Thesis: “Visual Art of the Revolution in the age of Social Media”

Abstract: From Europe to Asia and the Middle East, the years of 2019 and 2020 were witness to a series of people revolutions, rising to fight against authoritarian government. Social media played a crucial role in these revolutions. While social media platforms have rearranged our public and private aspects of life in many ways in the past 20 years, they have occupied an unprecedented role in social and political movements. Digital activism has relied on a variety of different new genres and forms to propagate political messages, mobilize people, disseminate critical information etc., all of which defining the shape and dynamics of revolts and uprisings in the age of social media. As a multidisciplinary architect and designer, with over 20 years of experience in entrepreneurship, managing companies in the graphic design and digital fields, I am deeply interested/ affected by these changes or phenomena. Throughout this experience I have developed a research interests in visual cultural studies and social media analytics, while having been a participant in the Lebanese uprising has shaped in me a consciousness for collective and political activism.

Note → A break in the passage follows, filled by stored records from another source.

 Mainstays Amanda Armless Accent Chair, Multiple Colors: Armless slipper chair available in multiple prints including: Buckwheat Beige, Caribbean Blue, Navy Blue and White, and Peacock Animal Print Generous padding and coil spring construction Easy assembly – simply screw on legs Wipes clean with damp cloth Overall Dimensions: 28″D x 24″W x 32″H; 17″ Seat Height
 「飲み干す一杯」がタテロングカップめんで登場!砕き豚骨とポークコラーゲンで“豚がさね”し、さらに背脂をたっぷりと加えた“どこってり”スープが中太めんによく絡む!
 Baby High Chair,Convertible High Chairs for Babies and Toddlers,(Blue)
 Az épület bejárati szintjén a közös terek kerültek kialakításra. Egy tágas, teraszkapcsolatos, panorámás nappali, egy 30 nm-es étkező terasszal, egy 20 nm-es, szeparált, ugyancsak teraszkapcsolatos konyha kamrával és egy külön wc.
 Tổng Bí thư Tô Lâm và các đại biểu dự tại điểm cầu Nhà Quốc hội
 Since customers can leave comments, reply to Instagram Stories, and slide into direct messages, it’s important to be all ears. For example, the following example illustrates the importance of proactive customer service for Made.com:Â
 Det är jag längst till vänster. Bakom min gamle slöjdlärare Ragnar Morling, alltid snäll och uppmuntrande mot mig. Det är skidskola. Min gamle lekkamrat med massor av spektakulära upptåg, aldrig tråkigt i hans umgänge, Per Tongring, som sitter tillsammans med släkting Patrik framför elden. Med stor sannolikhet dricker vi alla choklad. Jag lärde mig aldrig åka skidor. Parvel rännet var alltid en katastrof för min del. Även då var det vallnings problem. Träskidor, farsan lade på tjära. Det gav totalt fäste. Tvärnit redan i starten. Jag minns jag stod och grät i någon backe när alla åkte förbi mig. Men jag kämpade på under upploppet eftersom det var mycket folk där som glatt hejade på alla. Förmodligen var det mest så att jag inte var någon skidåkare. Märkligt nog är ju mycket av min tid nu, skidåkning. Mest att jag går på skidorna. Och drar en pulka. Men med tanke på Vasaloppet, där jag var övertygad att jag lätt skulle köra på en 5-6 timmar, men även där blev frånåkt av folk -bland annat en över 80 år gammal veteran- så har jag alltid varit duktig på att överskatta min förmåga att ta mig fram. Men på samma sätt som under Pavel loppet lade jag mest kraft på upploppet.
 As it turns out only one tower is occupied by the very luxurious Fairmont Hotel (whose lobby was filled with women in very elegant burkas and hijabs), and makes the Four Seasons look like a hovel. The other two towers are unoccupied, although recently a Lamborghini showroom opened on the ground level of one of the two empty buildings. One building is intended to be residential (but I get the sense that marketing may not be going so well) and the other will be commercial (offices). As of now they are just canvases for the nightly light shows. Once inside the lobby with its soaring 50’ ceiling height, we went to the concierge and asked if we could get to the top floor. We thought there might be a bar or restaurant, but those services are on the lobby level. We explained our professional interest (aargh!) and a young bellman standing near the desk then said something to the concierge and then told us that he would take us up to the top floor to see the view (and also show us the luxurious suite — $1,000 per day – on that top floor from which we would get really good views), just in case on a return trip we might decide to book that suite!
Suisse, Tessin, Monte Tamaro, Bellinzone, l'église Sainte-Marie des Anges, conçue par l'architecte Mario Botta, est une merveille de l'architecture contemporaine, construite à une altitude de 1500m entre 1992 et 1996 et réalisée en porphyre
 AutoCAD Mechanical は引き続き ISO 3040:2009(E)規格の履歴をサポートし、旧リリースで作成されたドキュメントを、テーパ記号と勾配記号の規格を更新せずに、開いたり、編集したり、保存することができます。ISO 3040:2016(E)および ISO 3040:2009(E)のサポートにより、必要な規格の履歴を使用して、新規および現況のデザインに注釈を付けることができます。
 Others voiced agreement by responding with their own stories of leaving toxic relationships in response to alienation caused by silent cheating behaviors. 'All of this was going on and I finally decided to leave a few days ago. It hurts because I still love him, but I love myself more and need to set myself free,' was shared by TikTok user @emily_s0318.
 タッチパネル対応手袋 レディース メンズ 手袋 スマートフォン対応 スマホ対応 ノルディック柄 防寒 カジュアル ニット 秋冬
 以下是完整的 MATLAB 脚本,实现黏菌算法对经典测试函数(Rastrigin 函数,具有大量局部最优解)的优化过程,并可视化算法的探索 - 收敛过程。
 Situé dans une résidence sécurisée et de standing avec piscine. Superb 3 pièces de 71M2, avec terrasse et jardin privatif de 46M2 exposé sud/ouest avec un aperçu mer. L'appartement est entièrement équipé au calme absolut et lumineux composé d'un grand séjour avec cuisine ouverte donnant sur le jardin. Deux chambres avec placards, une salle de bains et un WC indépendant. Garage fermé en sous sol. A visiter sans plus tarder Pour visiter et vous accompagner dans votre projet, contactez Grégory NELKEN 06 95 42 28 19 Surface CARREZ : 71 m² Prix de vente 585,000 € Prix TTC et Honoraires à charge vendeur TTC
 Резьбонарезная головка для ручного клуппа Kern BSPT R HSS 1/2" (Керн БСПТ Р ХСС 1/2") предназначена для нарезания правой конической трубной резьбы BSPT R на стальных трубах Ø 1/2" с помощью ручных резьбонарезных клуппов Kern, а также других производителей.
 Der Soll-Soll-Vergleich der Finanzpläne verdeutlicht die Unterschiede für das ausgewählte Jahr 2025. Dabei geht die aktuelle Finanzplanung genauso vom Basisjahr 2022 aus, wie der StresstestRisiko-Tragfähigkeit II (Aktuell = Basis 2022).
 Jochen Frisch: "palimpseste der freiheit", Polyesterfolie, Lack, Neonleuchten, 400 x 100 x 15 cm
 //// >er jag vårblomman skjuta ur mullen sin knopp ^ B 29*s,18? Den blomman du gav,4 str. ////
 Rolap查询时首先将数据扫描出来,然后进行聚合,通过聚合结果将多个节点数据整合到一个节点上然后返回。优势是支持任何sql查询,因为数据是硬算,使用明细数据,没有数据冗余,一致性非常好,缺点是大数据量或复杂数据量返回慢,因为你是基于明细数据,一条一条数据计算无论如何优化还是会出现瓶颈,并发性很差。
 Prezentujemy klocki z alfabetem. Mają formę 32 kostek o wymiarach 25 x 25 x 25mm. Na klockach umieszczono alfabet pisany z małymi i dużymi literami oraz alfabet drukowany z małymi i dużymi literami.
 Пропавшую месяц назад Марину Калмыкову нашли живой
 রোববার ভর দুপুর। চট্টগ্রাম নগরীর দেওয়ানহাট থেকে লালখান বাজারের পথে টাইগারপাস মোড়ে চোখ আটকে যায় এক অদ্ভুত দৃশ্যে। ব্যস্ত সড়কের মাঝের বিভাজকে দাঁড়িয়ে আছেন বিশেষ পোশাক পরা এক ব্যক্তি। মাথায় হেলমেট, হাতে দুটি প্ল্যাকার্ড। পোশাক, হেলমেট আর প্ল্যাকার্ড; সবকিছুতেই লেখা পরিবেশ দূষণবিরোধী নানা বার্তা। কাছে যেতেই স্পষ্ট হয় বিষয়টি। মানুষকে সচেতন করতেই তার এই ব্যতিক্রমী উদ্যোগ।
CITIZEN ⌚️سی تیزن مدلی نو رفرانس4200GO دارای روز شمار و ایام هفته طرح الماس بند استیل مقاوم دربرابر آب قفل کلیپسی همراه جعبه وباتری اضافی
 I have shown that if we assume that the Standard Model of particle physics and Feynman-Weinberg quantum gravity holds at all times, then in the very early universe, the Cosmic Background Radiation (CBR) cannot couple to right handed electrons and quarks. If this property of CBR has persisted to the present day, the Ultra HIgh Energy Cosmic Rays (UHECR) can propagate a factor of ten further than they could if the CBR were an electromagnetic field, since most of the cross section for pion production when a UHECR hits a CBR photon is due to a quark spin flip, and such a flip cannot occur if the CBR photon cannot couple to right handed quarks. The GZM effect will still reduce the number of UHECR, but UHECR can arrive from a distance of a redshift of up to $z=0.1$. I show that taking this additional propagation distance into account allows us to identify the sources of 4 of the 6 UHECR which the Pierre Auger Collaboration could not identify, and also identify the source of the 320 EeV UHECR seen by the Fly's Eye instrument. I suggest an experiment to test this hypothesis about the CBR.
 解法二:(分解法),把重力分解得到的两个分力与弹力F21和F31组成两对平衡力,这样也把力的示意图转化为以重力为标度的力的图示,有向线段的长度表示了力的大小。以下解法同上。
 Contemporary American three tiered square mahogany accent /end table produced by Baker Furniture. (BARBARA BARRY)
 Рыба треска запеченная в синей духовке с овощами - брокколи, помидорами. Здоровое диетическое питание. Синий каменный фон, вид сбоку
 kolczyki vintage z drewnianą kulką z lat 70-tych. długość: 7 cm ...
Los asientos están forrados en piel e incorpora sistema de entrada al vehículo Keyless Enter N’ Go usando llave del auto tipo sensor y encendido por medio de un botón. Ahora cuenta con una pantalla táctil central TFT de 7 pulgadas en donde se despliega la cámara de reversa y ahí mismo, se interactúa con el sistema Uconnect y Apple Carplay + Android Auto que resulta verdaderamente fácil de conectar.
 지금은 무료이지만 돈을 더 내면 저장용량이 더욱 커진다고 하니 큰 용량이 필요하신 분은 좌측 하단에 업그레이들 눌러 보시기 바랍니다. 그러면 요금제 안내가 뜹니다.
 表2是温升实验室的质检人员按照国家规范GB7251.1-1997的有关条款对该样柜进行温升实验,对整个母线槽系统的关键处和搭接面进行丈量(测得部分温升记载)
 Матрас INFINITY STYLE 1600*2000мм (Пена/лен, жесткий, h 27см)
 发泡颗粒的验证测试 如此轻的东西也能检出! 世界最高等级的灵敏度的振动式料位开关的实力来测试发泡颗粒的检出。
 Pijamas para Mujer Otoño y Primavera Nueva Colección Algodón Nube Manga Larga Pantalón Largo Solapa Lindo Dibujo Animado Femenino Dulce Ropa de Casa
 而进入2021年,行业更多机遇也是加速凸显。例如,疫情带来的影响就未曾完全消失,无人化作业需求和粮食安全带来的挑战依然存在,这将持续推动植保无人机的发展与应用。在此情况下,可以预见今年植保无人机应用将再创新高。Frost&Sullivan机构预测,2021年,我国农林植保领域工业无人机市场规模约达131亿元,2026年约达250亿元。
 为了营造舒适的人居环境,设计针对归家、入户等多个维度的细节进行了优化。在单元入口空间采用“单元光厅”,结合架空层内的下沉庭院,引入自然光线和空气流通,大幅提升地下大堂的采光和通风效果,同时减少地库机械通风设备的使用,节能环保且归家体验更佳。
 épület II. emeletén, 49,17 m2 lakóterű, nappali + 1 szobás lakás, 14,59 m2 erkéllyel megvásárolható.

The research I am focused on will be interdisciplinary bringing together the digital humanities, visual arts, and political activism. The plan is to showcase the changing nature of political activism in the age of Social Media, and how the visual arts are supporting revolutions and how they have changed due to the nature of Social Media and its consumption through mobile devices. My research will be a comparative investigation of the visual art that was propagated on social media during three uprisings/revolutions which took place starting in 2018 and continuing in Belarus, Hong Kong, and Lebanon, chosen to showcase three diverse areas in the world. I hope my research will bring forth a new way of looking of the visual arts in political activism in the age of Social Media, and to showcase for future political activists the best practices in this field from a visual perspective.

Keywords: Political activism, revolutions, social movements, social media, digital activism, visual arts, visual cultural studies, interdisciplinary research.